Lack of canal threatens livelihood of Baitadi village
November 11, 2017 03:53 AM NPT
By: Bira Gadal
AITADI, Nov 10: There used to be a well functioning concrete irrigation canal in Syaltadai village until a decade ago. But a massive landslide took toll on it while it displaced over 50 households in the locality. Since then, the locals have always voiced for a new canal time and again.
Each election, they put pressure on the candidates for it. However, a new canal was never made. Now, as the country is gearing for the provincial and parliamentary elections, villagers here are once again pressing for a canal. Whoever is going to gift a canal to them is going to clearly sweep votes from their area, they say.

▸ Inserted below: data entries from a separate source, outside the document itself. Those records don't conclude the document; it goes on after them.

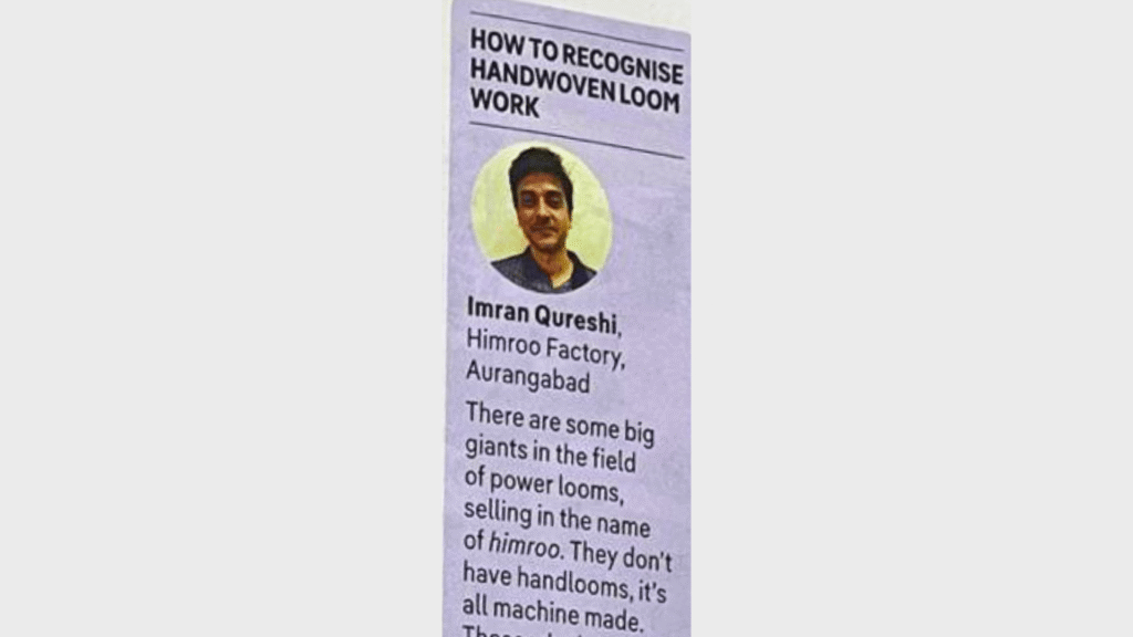 The book emphasizes that most Himroo available today is machine made, but visitors can witness authentic handloom weaving at Aurangabad Himroo Factory.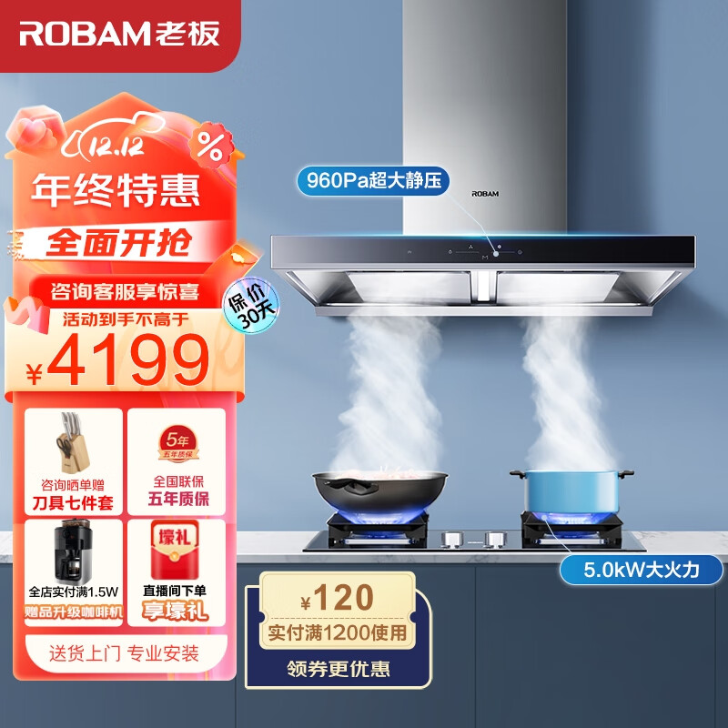 老板(Robam)抽油烟机 领航家D1S双腔变频吸油烟机家用烟灶套装22m3/min燃气灶60D1S+57B2DY液化气价格:4199.00元!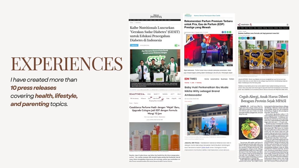 Jasa KOL Management & Press Release Writing Saya membantu brand mengelola campaign KOL secara menyeluruh mulai dari pemilihan, handling KOL, hingga insight content post. Selain itu, saya juga menawarkan jasa penulisan press release yang sesuai gaya komunikasi brand untuk mendukung publikasi dan eksposur di media.

“We are in need of irrigation canal so much that we are going to vote for the ones who can provide us with one. All of us have this common demand, ” said Devdutta Bhatta, 75.
“We can figure out whose words count and whose don't. So, we are seriously careful whether the candidates are mindful of our demand,” he added.
After the natural disaster befell on them in 2007, the locals' life simply shifted out of gear. Many have not yet erected proper cottages. However, what more upsets them is the lack of canal that would keep their otherwise barren land fertile.
“We cannot grow crops and vegetables if don't have canal,” said the elderly man. “And the problem is, when we don't grow enough in the field, we cannot have plenty of food to eat,” he added.
Rice, maize and other crops they grow generally last a year if they do not sell off. In the absence of irrigation canal, the families are not in a position to grow crops, plants and vegetables well. The seriousness of the issue has pushed them to demand for written commitment from the candidates.
“We want a written commitment from candidates. Verbal assurance is bit risky. They might forget,” Bhatta said. “We got assurance many times. But they show one or the other excuses later. Moreover, sometimes the leaders are not even seen in the village after election,” he added.
Bhatta recalls the disaster of 2007 and the first Constituent Assembly election held the following year. The entire country was in the mood of celebration owing to the election then. Candidates had visited Bhatta's village as well. They had lot to promise, but the villagers had demanded for the replacement of the freshly destructed canal. Though landslides had wreaked havoc in many places then, Baitadi was among the most affected place.
“Many people died, many went missing. The government did not take the matter much seriously,” says Bhatta. “Since then, many elections took place, but our demand has not been addressed,” he added.
After the first CA dissolved, the country went for the second CA election in a gap of four years. Bhatta was one of the most active civil society members to come ahead with the demand for the canal again. But 'nothing was done' by the leaders.
In the recent local level elections, the locals of Syaltadai village clearly told their to-be-elected ward members that the canal must be replaced. None of the candidates denied the importance of the canal. However, now the locals have very little expectation for them.
“They say there is no budget. There is simply no budget even to set up local level office. Many things are in chaos and we cannot say anything to them now,” stated Bhatta. “We voted so eagerly thrice. Twice during the CA elections and once recently. But, our voices never get heard,” he added.
According to the locals, it may sound like a trivial matter to the leaders when they ask for canal. But the canal is simply not trivial thing for the locals, they state.
Bhatta said that the lack of fertile land is one of the major reasons that many families have been displaced due to landslides and have already left the village. While some went off to the plains 'to start from scratch', some others have settled down at Maharudra area of Melauli - 6.
“But we are not happy. We have been living the life of displaced,” he lamented.
The three-kilometer long canal from where water of Sunarya river would be supplied to the fields was the backbone of farmers. Its absence has directly affected around 800 ropanis of land. According to Bhatta, the land has gone fully dry since then.
“We were totally dependent on the canal. With its destruction, we became helpless,” he said.
Another local Dhana Bhatta said that her family used to harvest crops several times a year when the canal was there. After it was destroyed, people had to literally starve. “Those days seem to be like a dream now. Poverty hit us, perhaps never to leave us again,” she sighed.